## TASK REQUIREMENTS
Give the data again exactly as written, skipping any pictures.

## MATERIAL FOR THIS TASK

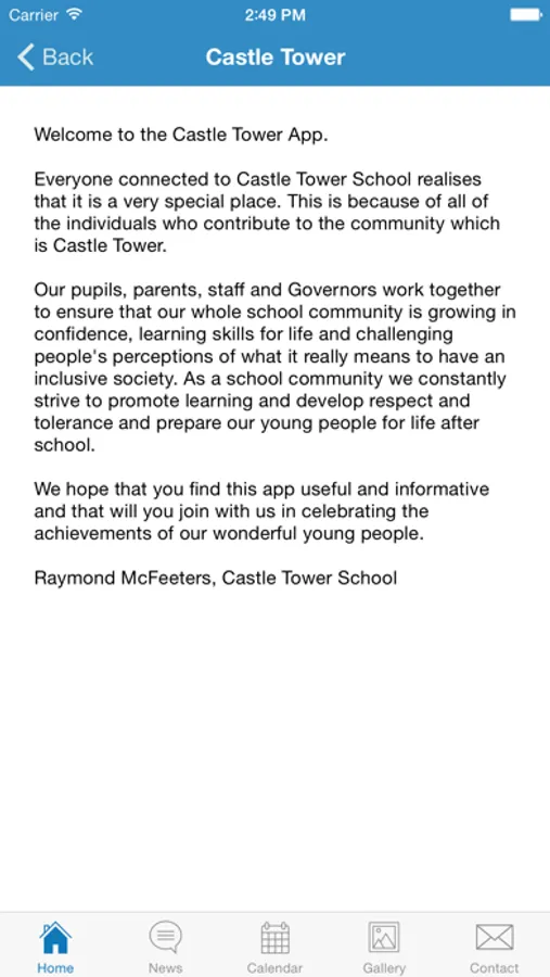 Welcome to the Castle Tower School. Everyone connected to Castle Tower School realises that it is a very special place. This is because of all of the individuals who contribute to the community which is Castle Tower. Our pupils, parents, staff and Governors work together to ensure that our whole school community is growing in confidence, learning skills for life and challenging people’s perceptions of what it really means to have an inclusive society. As a school community we constantly strive to promote learning and develop respect and tolerance and prepare our young people for life after school.
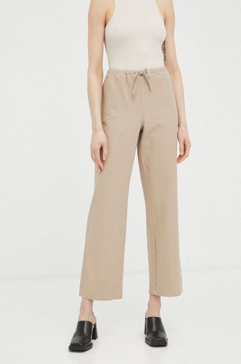 Штани з домішкою льону R?sum? колір бежевий широке висока посадка
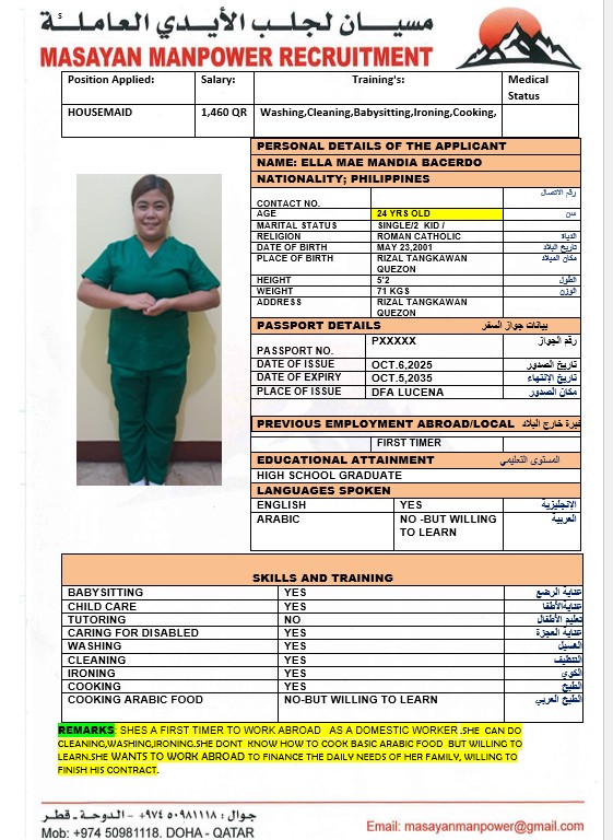 الاسم - عربي ELLA MAE MANDIA BARCEDO
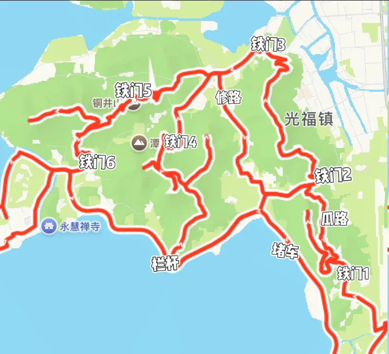 ⛰️ 本次骑行的核心亮点当属苏州光福七尖——这条盘踞在太湖边的山脊线,向来是徒步爱好者的专属天堂,唯有极少数“冒险者”会选择在此骑行挑战!
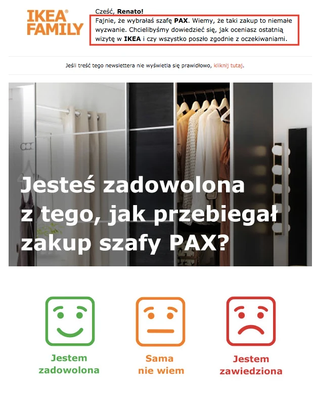 Innym przykładem pozytywnego zaskoczenia, tym razem już po zakupach, jest kampania e-mail, która została do mnie wysłana przez IKEĘ.
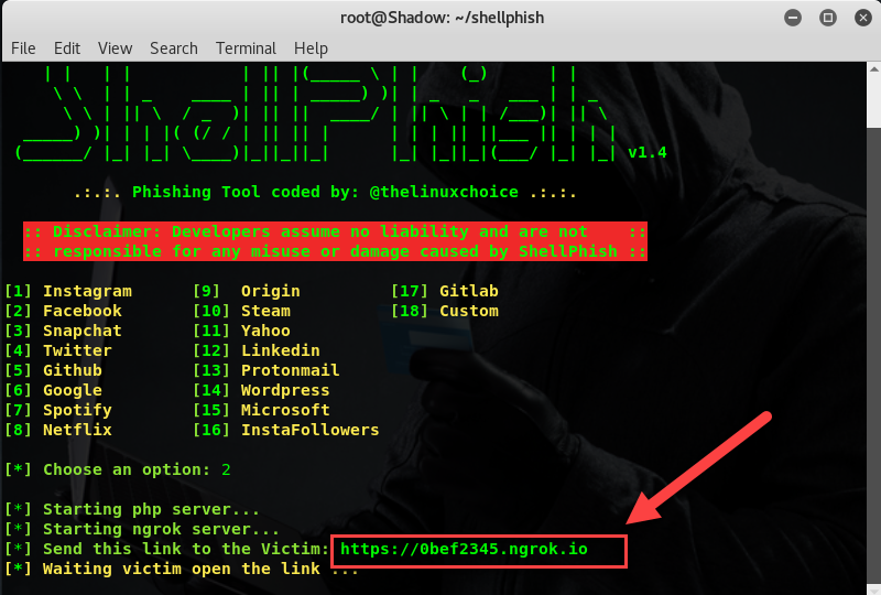 سكربت تهكير حسابات انستقرام والفيس بوك وتويتر والسناب شات بدون فتح بورتات Shellphish V1 3 روهاك

## TASK RESULT
 Welcome to the Castle Tower School. Everyone connected to Castle Tower School realises that it is a very special place. This is because of all of the individuals who contribute to the community which is Castle Tower. Our pupils, parents, staff and Governors work together to ensure that our whole school community is growing in confidence, learning skills for life and challenging people’s perceptions of what it really means to have an inclusive society. As a school community we constantly strive to promote learning and develop respect and tolerance and prepare our young people for life after school.
 Штани з домішкою льону R?sum? колір бежевий широке висока посадка
 الاسم - عربي ELLA MAE MANDIA BARCEDO
 ⛰️ 本次骑行的核心亮点当属苏州光福七尖——这条盘踞在太湖边的山脊线,向来是徒步爱好者的专属天堂,唯有极少数“冒险者”会选择在此骑行挑战!
 Innym przykładem pozytywnego zaskoczenia, tym razem już po zakupach, jest kampania e-mail, która została do mnie wysłana przez IKEĘ.
 سكربت تهكير حسابات انستقرام والفيس بوك وتويتر والسناب شات بدون فتح بورتات Shellphish V1 3 روهاك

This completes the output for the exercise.